Huruf kedua: wajah tunggal (S); segel ganda tanpa tekanan (yaitu, versi ketujuh dari apa yang disebut "segel tandem") (T); atau segel ganda dengan tekanan (yaitu, versi ketujuh dari apa yang disebut "segel muka ganda") (D).
Huruf ketiga: tipe pelat penyegel (yaitu, kelenjar penyegel) (P=biasa, tanpa selongsong throttle; T=jenis selongsong throttle, dengan pendinginan cepat, kebocoran cairan dan (atau) pelepasan cairan lubang;=perangkat penyegel tambahan, jenisnya perlu ditentukan).
Huruf keempat: bahan bantalan (cincin segel) (lihat tabel 1).
Huruf kelima: bahan muka akhir (lihat Tabel 2).
Misalnya kode untuk seal BSTFM, adalah seimbang, satu muka, dilengkapi dengan seal mekanis pelat bushing throttle, bahan bantalan cincin penyegel statis untuk karet fluor (FKM), cincin penyegel dinamis, dan bushing antara bantalan fluor. karet (FKM), ujung cincin dinamis dan statis pada permukaan sub-bahan untuk karbon pada 2 jenis tungsten karbida. Bahan segel selain yang tercantum di atas harus diberi kode X dan ditentukan dalam lembar data.
Catatan: a: Untuk suhu lingkungan atau pemompaan minimum dan maksimum, konsultasikan dengan pabriknya.
b: Untuk atmosfer non-oksidasi, suhu maksimum adalah 870 derajat (1600○F); tanyakan pada produsennya.
Rumus perhitungan suhu Celsius (derajat) dan suhu Fahrenheit (○F):
Suhu Celcius ( derajat )=(Fahrenheit - 32) x 5/9.
Suhu Fahrenheit (○F)=Suhu Celcius × 9/5-32
Catatan tentang Segel Mekanis.
Kecuali ditentukan lain, bahan pegas untuk segel multipegas harus Hastelloy C (Hastelloy C). Bahan pegas untuk segel pegas tunggal harus berupa baja tahan karat austenitik (AISI Tipe 316 atau setara). Bagian logam lainnya juga harus dari baja tahan karat austenitik (AISI Standard Type 316 atau setara) atau bahan tahan korosi lainnya yang sesuai dengan kondisi penggunaan, kecuali untuk bellow logam, yang jika digunakan, harus dari bahan yang direkomendasikan oleh produsen segel. sesuai dengan ketentuan penggunaan. Laju korosi pada bellow logam harus kurang dari 50 μm (2 mil, mil) per tahun.

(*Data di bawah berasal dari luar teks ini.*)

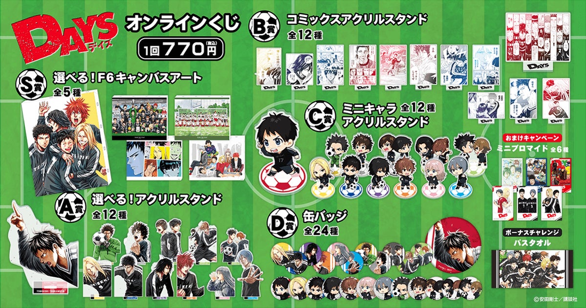 株式会社KADOKAWA(本社:東京都千代田区、取締役 代表執行役社長 CEO:夏野 剛、以下 KADOKAWA)は、運営するオンラインくじサービス「くじ引き堂」において、「DAYS」の原作オリジナル賞品が手に入る<DAYSオンラインくじ>を、2024年11月28日(木)12時より販売します。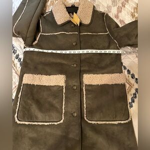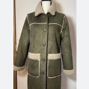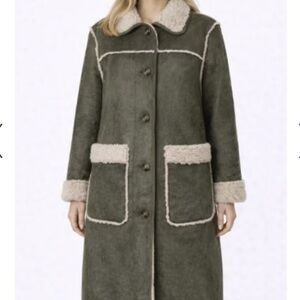 Michael Michael Kors faux shearling coat in olive / hazelnut color.

Kecuali ditentukan lain, segel antara pelat segel (yaitu kelenjar segel) dan ruang segel harus berupa cincin-O Viton dengan suhu servis kurang dari 150 derajat. Cincin-O Viton harus digunakan jika suhu lebih besar dari 150 derajat atau jika kelenjar segel tidak digunakan. Jika suhu melebihi 150 derajat atau lebih atau jika ditentukan, gasket luka cacing baja tahan karat austenitik berisi grafit harus digunakan. Gasket luka cacing ini harus mampu menahan suhu penuh cairan yang dipompa (yaitu tanpa pendinginan).

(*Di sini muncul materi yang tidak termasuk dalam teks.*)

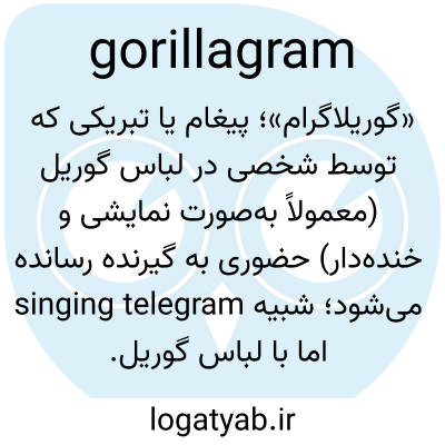 📌 غیررسمی، یک پیام تبریک طنزآمیز که توسط شخصی که لباس گوریل پوشیده است به کسی که تولد، نامزدی و غیره را جشن میگیرد، ارسال میشود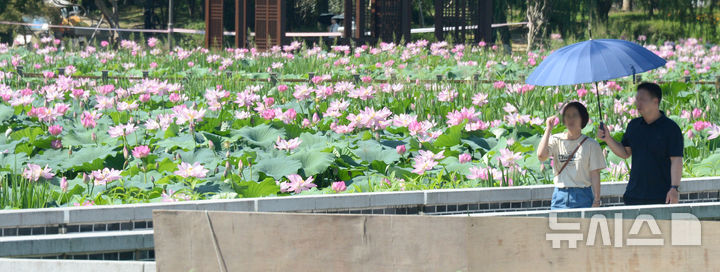 [전주=뉴시스] 김얼 기자 = 여름날씨가 이어지고 있는 9일 전북 전주시 전주덕진공원에 연꽃이 만개해 있다. 2025.07.09. [email protected]

Cincin penyegel logam tidak boleh memiliki lapisan berlapis semprotan sebagai pengganti permukaan ujung penyegel yang terintegrasi.
Jika suhu pemompaan melebihi 175 derajat C, produsen pompa dan produsen seal harus bernegosiasi bersama pada permukaan ujung seal untuk mengambil cairan pembilas pendingin atau salah satu ujung ruang seal tidak melewati ruang seal menggunakan aliran ruang air pendingin yang konstan. .
Batas temperatur gasket penyegel mekanis (gasket) harus sesuai dengan ketentuan Tabel 3.